Aim of the task: Look through the listing below for the line with "ATTACHE 14 Цвет: болотный дуб" and the line with "BR 3 - kredens szer./gł./wys. 174,5/40/89". Copy both, along with every line between them, exactly and with no pictures.

Exercise materials:
-*-
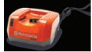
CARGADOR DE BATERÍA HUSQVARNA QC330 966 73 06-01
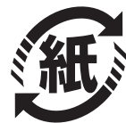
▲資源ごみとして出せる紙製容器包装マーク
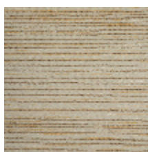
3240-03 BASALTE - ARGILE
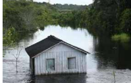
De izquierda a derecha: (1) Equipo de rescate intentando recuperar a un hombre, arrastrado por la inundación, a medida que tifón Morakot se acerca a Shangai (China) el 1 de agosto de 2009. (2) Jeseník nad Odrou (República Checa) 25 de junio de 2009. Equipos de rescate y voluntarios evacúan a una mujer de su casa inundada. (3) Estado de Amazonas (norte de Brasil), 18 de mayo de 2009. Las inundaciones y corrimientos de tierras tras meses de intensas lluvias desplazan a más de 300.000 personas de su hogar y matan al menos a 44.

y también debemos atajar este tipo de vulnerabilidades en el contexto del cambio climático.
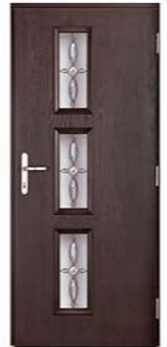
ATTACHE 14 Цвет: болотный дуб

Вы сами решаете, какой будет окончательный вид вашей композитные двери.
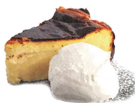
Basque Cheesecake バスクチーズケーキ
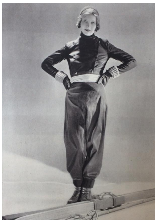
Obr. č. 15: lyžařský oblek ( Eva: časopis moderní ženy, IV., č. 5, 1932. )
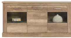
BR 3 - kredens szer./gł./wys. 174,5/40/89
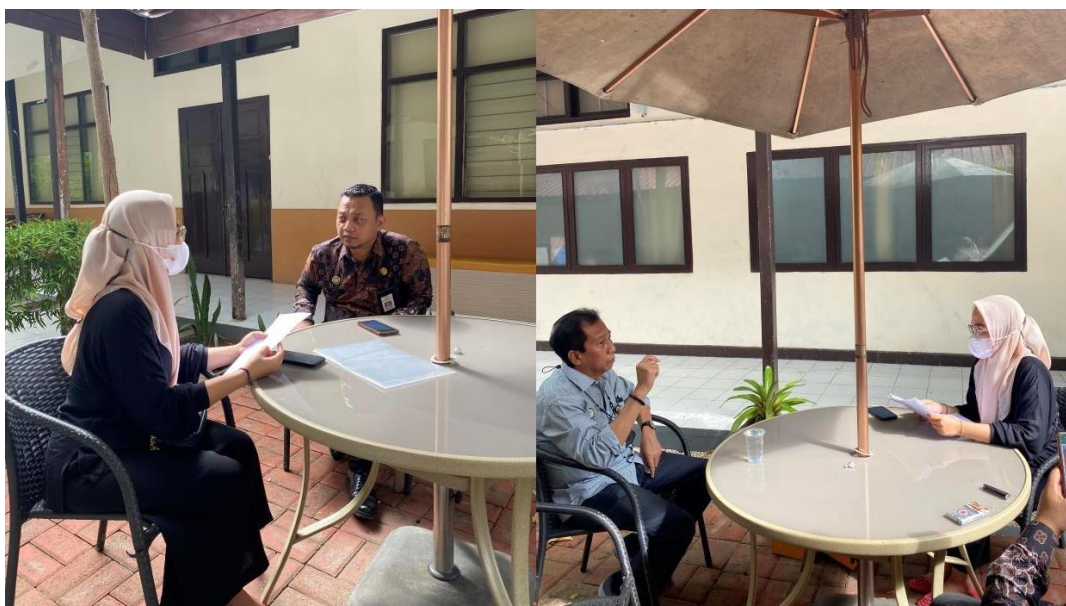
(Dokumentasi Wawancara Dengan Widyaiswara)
-*-
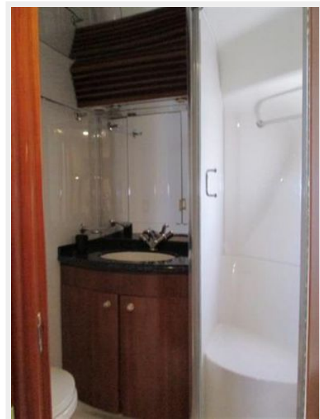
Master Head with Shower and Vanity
-*-
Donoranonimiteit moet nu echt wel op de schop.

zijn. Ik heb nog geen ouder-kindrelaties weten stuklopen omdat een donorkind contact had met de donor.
-*-
Response to this exercise:
ATTACHE 14 Цвет: болотный дуб

Вы сами решаете, какой будет окончательный вид вашей композитные двери.
Basque Cheesecake バスクチーズケーキ
Obr. č. 15: lyžařský oblek ( Eva: časopis moderní ženy, IV., č. 5, 1932. )
BR 3 - kredens szer./gł./wys. 174,5/40/89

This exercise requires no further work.